America's trade watchdog's case against network device maker D-Link will go ahead next January – after a district judge rebuked the two sides for wasting money drawing up and filing demands for summary judgments.
The US Federal Trade Commission (FTC) brought its lawsuit against Taiwanese D-Link early last year in California, and in doing so griped about a host of alleged bad practices, including hard-coded passwords, command-injection vulnerabilities, misplaced security keys, and plaintext password storage in D-Link's gear. These, the watchdog claimed, amounted to misrepresentation by a company that touted the advanced security of its products, and thus put buyers at risk.
Last year, the commission tried to cut straight to the punchline by asking for a summary judgment against the manufacturer. In doing so, the regulator sought to throw out an expert report by the defense's Dr Kent Van Liere, and drop more than three of its own complaints to make things nice and easy for the court.
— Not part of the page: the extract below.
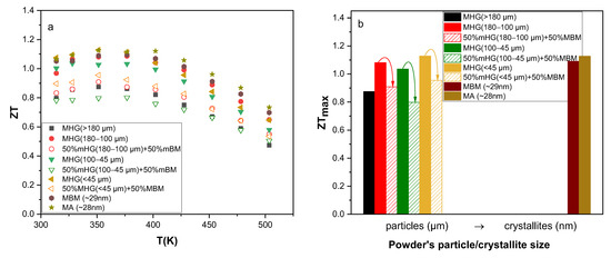The calculated ZTs are presented in Figure 11 as a function of temperature. The ZT of samples fabricated by mixing 50% MHG and 50% MBM powders is lower than their 100% MHG counterpart, mainly due to the significant decrease in electrical conductivity and power factor. Specifically, 50% MHG (180–100 μm) + 50% MBM, 50% MHG (100–45 μm) + 50% MBM and 50% MHG (<45 μm) + 50% MBM samples exhibit 17%, 22% and 15% lower ZTmax than the analogous 100% MHG samples.

Those to-be-dropped allegations covered D-Link's misrepresentation of its security response policy, its router security, and its IP camera user-interface security.
For its part, D-Link also requested a summary judgment that would dismiss the case against it.
US District Court Judge James Donato isn't having any of it, telling the two parties on Monday [PDF] the legal battle is going to trial: “The parties' cross-motions here are not suitable for summary judgement,” he wrote in an order that quoted the old maxim: "No spittin’, no cussin’, and no summary judgment."
Last year, D-Link flubbed a router bug-fix, so it's back with total pwnageREAD MORE
Judge Donato added that there are “genuine disputes of material fact that will require a trial,” since the paperwork on each side runs to more than 100 pages, not counting the “voluminous declarations and exhibits.”
He also lambasted the two sides for wasting their money trying to sidestep the trial: “Since federal judicial records indicate that summary judgment is granted in a minority of cases, routinely filing the motion almost certainly increases the overall cost of litigating civil cases in federal court without a net benefit.”
Both sides had also tried to exclude each others' expert witnesses from evidence in what's known as a “Daubert motion” (so called because the 1993 Daubert versus Merrell Dow Pharmaceuticals case in which the Supreme Court set the standard for admitting expert testimony).
Judge Donato reckons he can judge the experts for himself, thank you: “The court will make its reliability and admissibility determinations during trial, and will disregard any admitted evidence that it ultimately determines is not sound.”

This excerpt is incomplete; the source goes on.